- Directed by: Johnny Seven
- Screenplay by: Jo Heims
- Produced by: Johnny Seven
- Starring: Johnny Seven Warren J. Kemmerling Virginia Vincent Ron Soble
- Cinematography: Gregory Sandor
- Edited by: Lee Gilbert
- Music by: Emil Cadkin William Loose
- Production company: LoraJon Productions
- Distributed by: American International Pictures (US)
- Release date: November 25, 1964;
- Running time: 75 minutes
- Country: United States
- Language: English

= Navajo Run =

1964 film

Navajo Run is a 1964 Western film released by American International Pictures, produced and directed by as well as starring Johnny Seven.

==Cast==
- Johnny Seven as Mathew Whitehawk
- Warren J. Kemmerling as Luke Grog
- Virginia Vincent as Sarah Grog
- Ron Soble as Jesse Grog

== Plot summary ==
Mathew Whitehawk, a "half-breed Navajo," is bitten by a rattlesnake and seeks aid at the ranch of Sarah and Luke Grog.

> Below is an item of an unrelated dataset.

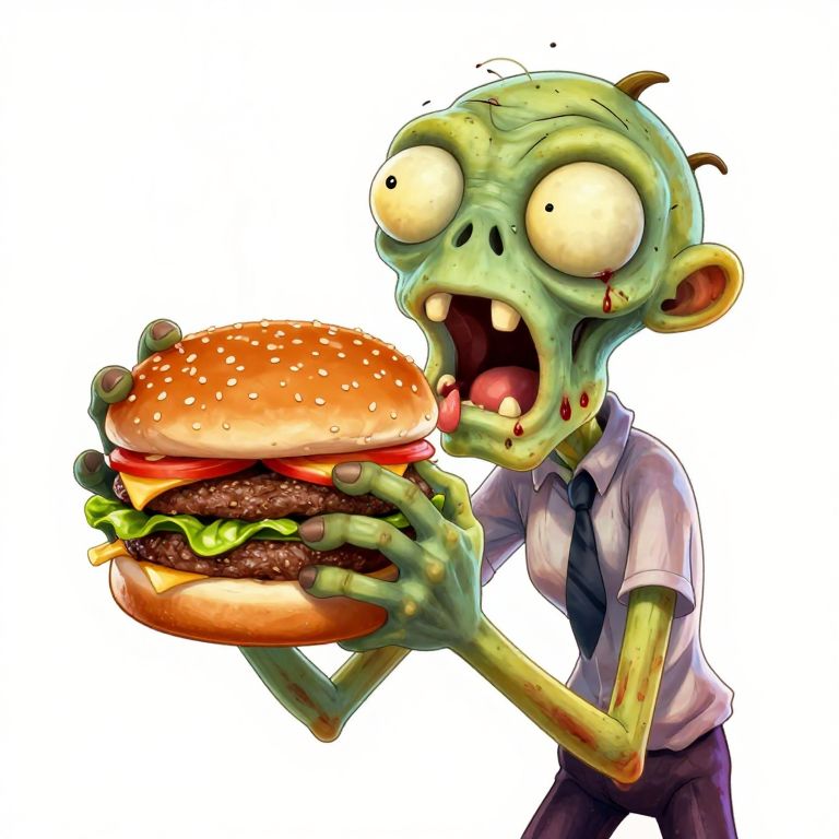 Playful Zombie Eating Juicy Burger
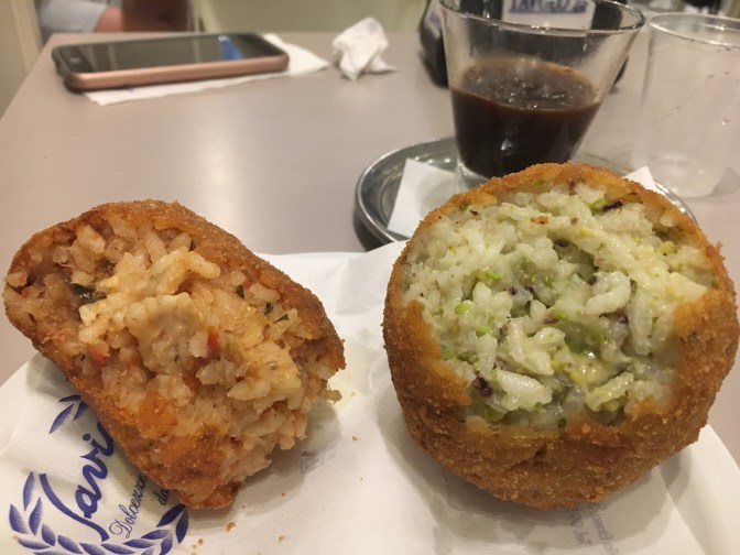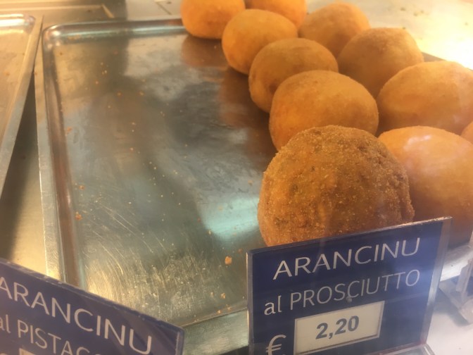After a long day of travel, we arrived in the port city of Catania. This is not a picture perfect city; it has a gritty working vibe. The overcast skies hid a view of Mt. Etna and did not highlight the few buildings of historic note. We did, however, find a terrific trattoria and tried both a catanese (potato and mozzarella) and a pistachio arancinu, (deep fried rice balls the size of softballs). They are served warm and you do not use utensils to eat them. Our drink, a cafe freddo, was like an espresso Italian ice and it was delicious, too. Unfortunately, this left no room for cannoli.

Mathew is nursed back to health on the orders of Luke. It turns out that Luke hates Native Americans. He sets Mathew loose in the forest without food or water, and hunts him down as he has done with other Native Americans. The film ends with Mathew killing Luke.

== Legacy ==
American International Pictures: A Comprehensive Filmography describes Navajo Run as an "obscure little curio" that was a retelling of The Most Dangerous Game with a "white racist hunting down Indians as a hobby." The film had little impact at the time of its limited release, and after theatrical showings it was shown on TV in Canada.